+++ Extracted entries

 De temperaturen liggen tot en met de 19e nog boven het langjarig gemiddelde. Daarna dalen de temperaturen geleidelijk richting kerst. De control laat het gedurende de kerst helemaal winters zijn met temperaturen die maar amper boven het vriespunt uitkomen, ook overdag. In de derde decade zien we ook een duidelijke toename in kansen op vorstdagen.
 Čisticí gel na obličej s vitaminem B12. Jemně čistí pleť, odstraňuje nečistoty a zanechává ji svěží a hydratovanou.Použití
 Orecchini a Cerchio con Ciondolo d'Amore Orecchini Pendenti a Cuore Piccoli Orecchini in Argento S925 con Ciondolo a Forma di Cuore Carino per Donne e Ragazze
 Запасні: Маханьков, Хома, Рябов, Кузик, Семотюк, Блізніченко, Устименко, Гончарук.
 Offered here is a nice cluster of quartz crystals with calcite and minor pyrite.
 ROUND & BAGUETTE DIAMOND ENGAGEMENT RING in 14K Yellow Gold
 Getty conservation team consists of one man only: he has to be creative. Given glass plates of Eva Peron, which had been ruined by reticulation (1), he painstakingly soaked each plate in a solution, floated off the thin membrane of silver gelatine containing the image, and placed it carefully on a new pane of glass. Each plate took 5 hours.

++++++

What the task asks = Restate word for word the lines in the material above from the one with "Orecchini a Cerchio" to the one with "ROUND & BAGUETTE"; both of those lines count, and nothing else does.

Task answer =
 Orecchini a Cerchio con Ciondolo d'Amore Orecchini Pendenti a Cuore Piccoli Orecchini in Argento S925 con Ciondolo a Forma di Cuore Carino per Donne e Ragazze
 Запасні: Маханьков, Хома, Рябов, Кузик, Семотюк, Блізніченко, Устименко, Гончарук.
 Offered here is a nice cluster of quartz crystals with calcite and minor pyrite.
 ROUND & BAGUETTE DIAMOND ENGAGEMENT RING in 14K Yellow Gold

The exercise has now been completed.